▶ _GIVEN INFORMATION_
*** Begin section ***

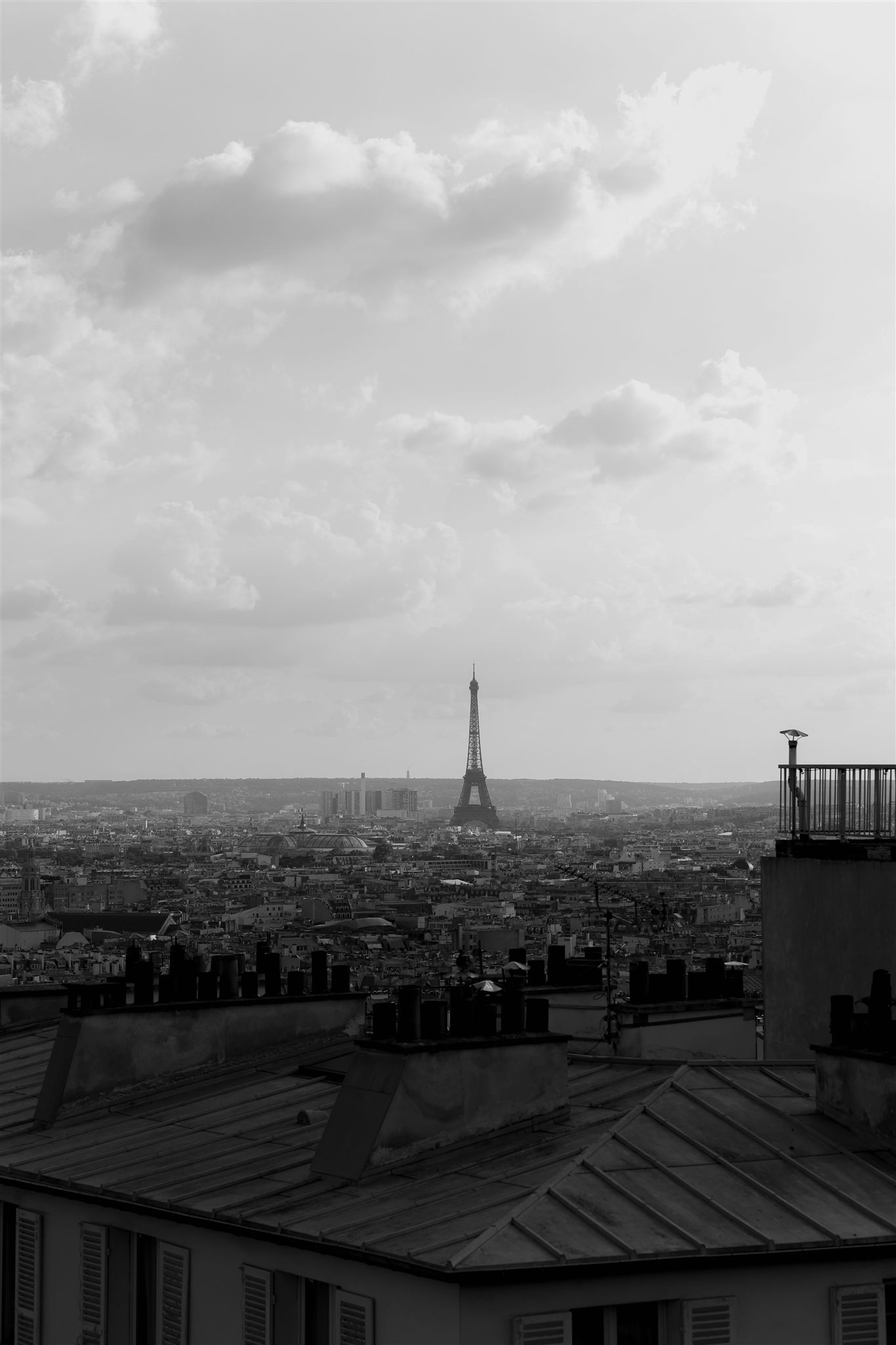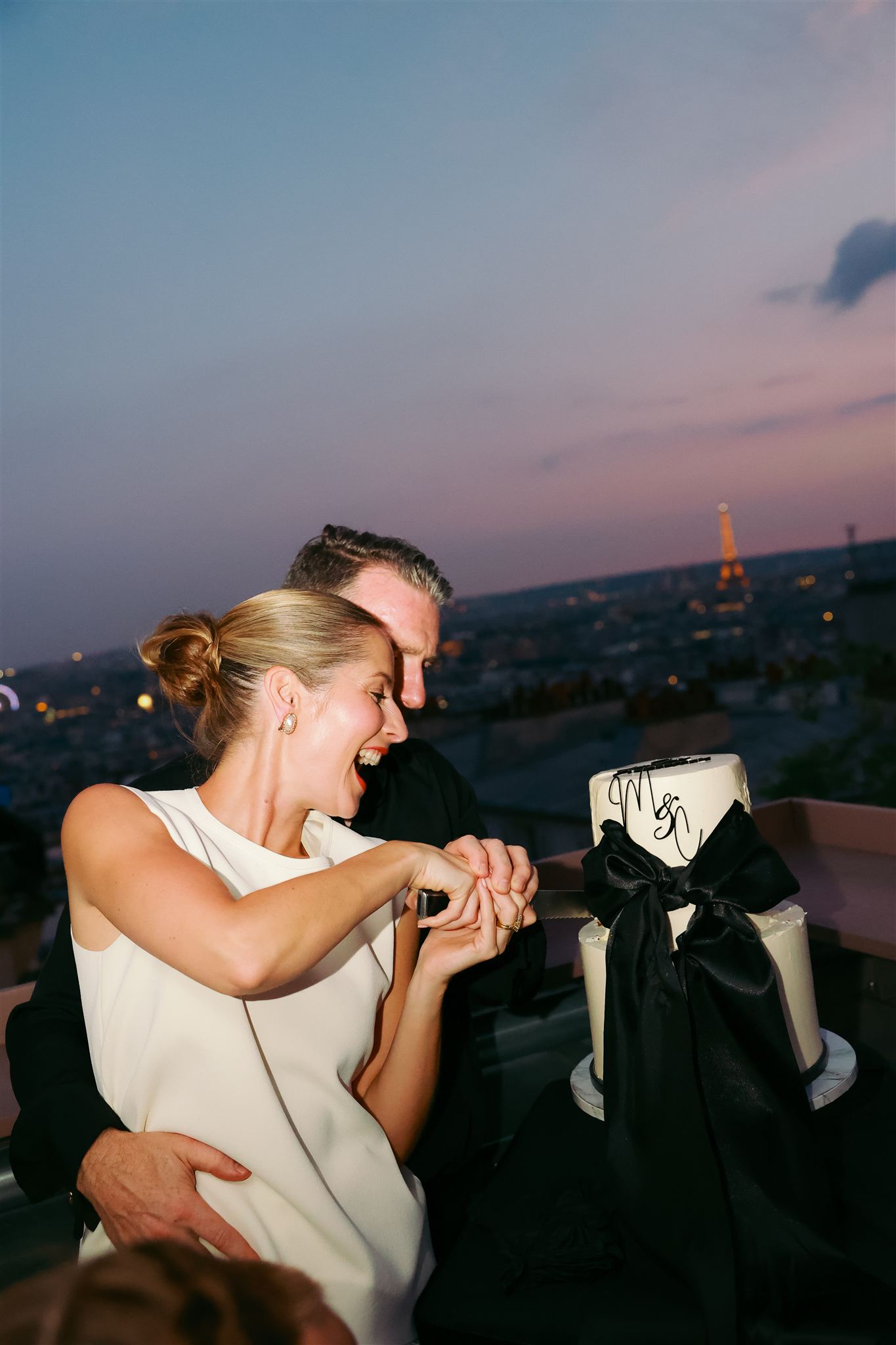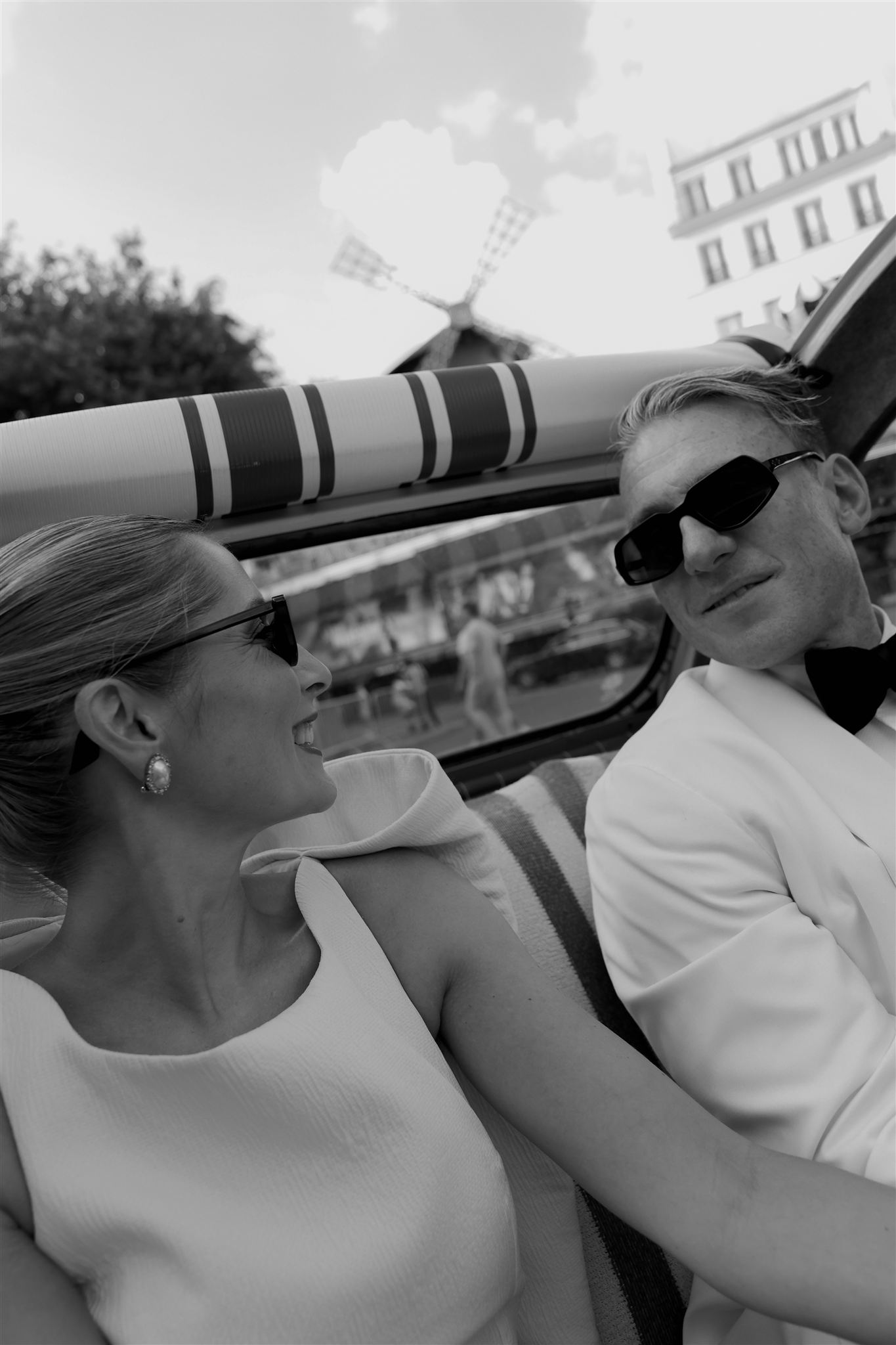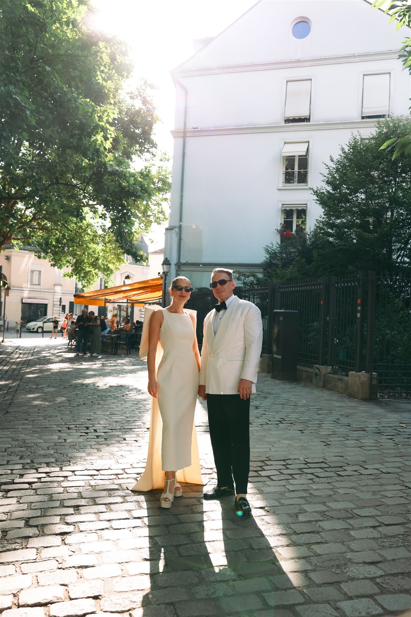 We chose Montmartre for its village vibe. I hired a planner to help with the language barrier and bring my “non-wedding wedding” vision to life. I told her, “I hate weddings. No round tables, no favors.” She delivered. The ceremony was held at the Museum of Romantic Life, a gorgeous old building with gardens and Parisian rooftop views. From there, two little white petit trains ferried guests to the reception at a coffee shop halfway down the Sacré-Cœur steps—when she pitched it to us, our wedding planner said, “I’ve got something slightly controversial.” The upstairs space was a blank canvas with a terrace that overlooked both the basilica and the Eiffel Tower. It was absolutely magical.
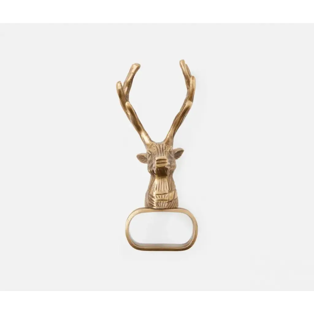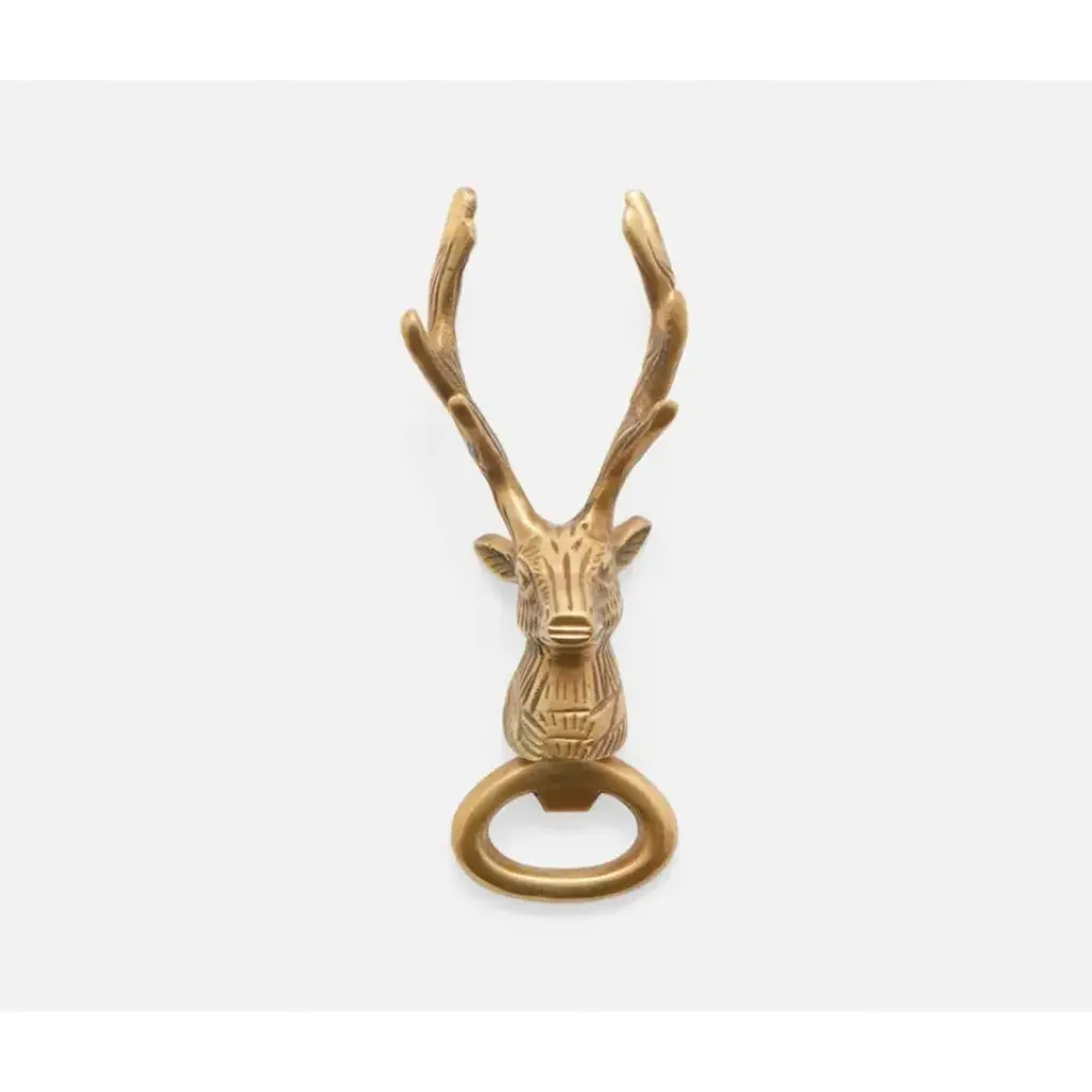 Theodore Antique Brass, Deer Head, Bottle Opener, Pack Of 2
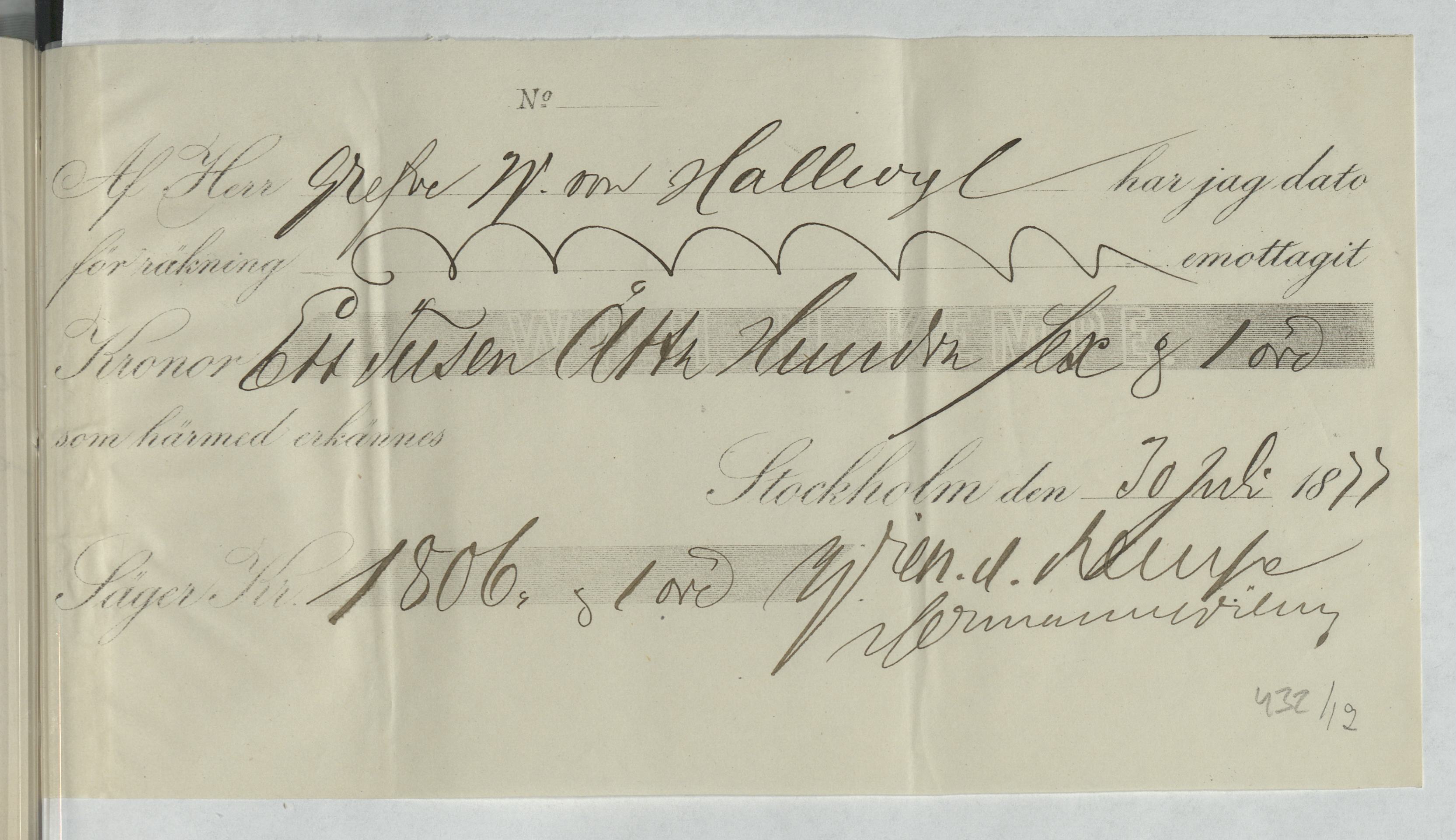 Kvitto från Firma Wilh. H. Kempe rörande emottagna kontanter från Walther von Hallwyl.

*** End section ***

▶ _WHAT TO DO_
The whole listing above, minus its pictures, is what you should write out word for word.

▶ _YOUR SOLUTION_
 We chose Montmartre for its village vibe. I hired a planner to help with the language barrier and bring my “non-wedding wedding” vision to life. I told her, “I hate weddings. No round tables, no favors.” She delivered. The ceremony was held at the Museum of Romantic Life, a gorgeous old building with gardens and Parisian rooftop views. From there, two little white petit trains ferried guests to the reception at a coffee shop halfway down the Sacré-Cœur steps—when she pitched it to us, our wedding planner said, “I’ve got something slightly controversial.” The upstairs space was a blank canvas with a terrace that overlooked both the basilica and the Eiffel Tower. It was absolutely magical.
 Theodore Antique Brass, Deer Head, Bottle Opener, Pack Of 2
 Kvitto från Firma Wilh. H. Kempe rörande emottagna kontanter från Walther von Hallwyl.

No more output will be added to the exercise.